- Directed by: Mike Vardy
- Written by: John Junkin Hugh Whitemore
- Produced by: Peter Charlesworth Jock Jacobsen
- Starring: Kenneth Haigh Nanette Newman Harry Andrews
- Cinematography: Brian Probyn
- Edited by: Chris Barnes
- Music by: Roy Budd
- Production companies: Hammer Films Dufton Films
- Distributed by: Anglo-EMI
- Release dates: 16 September 1973 (UK); 10 November 1973 (US);
- Running time: 87 minutes
- Country: United Kingdom
- Language: English

= Man at the Top (film) =

Man at the Top is a 1973 British drama film directed by Mike Vardy and starring Kenneth Haigh, Nanette Newman and Harry Andrews. It was a spin-off from the ITV television series Man at the Top (1970–1972).

==Plot==
Joe Lampton is promoted to managing director of a pharmaceutical company, and becomes involved with Lord Ackerman, the powerful chairman, who is also his father-in-law. But Joe makes a shocking discovery: his predecessor committed suicide because of his involvement in a drug that left 1,000 African women sterile. Joe threatens to reveal all to the press, while Lord Ackerman seeks to persuade him otherwise, by offering him promotion to Chief Executive.

==Cast==
- Kenneth Haigh as Joe Lampton
- Nanette Newman as Lady Alex Ackerman
- Harry Andrews as Lord Ackerman
- William Lucas as Marshall
- Clive Swift as Massey
- Paul Williamson as Tarrant
- John Collin as Wisbech
- John Quentin as Digby
- Danny Sewell as Weston
- Charlie Williams as George Harvey
- Anne Cunningham as Mrs. Harvey
- Angela Bruce as Joyce
- Margaret Heald as Eileen
- Mary Maude as Robin Ackerman
- Norma West as Sarah Tarrant
- John Conteh as boxer

==Production==
Shooting took place from 3 March to 7 April 1973.

==Reception==
===Box office===
The film was not a success at the box office.

===Critical ===
John Gillett wrote in The Monthly Film Bulletin: "As played by Kenneth Haigh, Lampton's coarse, chip-on-shoulder gruffness and wearying pop-eyed charm soon fall flat, but the film does score a point or two in its depiction of Ackerman's world, with its suave surface etiquette, cool boardroom manners and secret country house meetings (Harry Andrews' steely, banked-down performance is a decided asset).

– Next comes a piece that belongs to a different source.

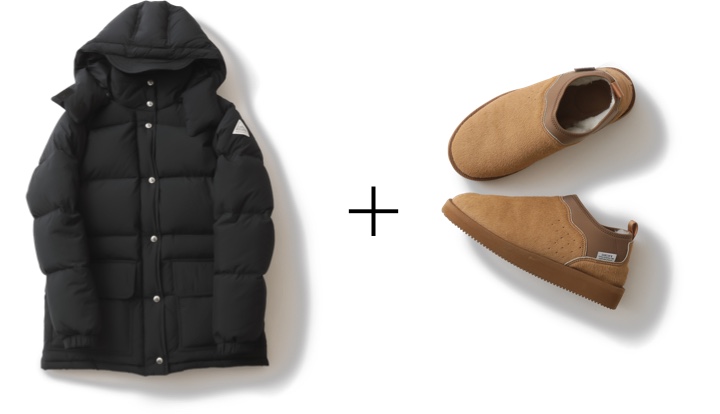 コンパクトなデザインで着膨れせずスタイリッシュに着られる<Cape Heights>のショートダウン。冬の定番アウターには、今年らしいムードにキマる旬小物を取り入れて。アッパーをハラコ素材で別注した<SUICOKE>スリッポンで抜け感をプラス。

The little interlude on the road with the girls brings some pleasantly relaxed exchanges, but the film is less successful (and rather cheap) when dealing with Lampton's swift seduction of Ackerman's wife and daughter. Despite its moments of insight and sharp, bristling dialogue, it remains too much like a television episode stretched to movie length."

Variety wrote: "This spinoff of a popular British vidseries by the same name is a professionally-crafted entry in the middlebrow stakes, with the usual reliable performance by Kenneth Haigh who repeats his vidrole of the lower class boy making good – and fighting tooth and nail to get there – in the business and society bigtime. Though no blockbuster, pic should nevertheless perform well in general release situations."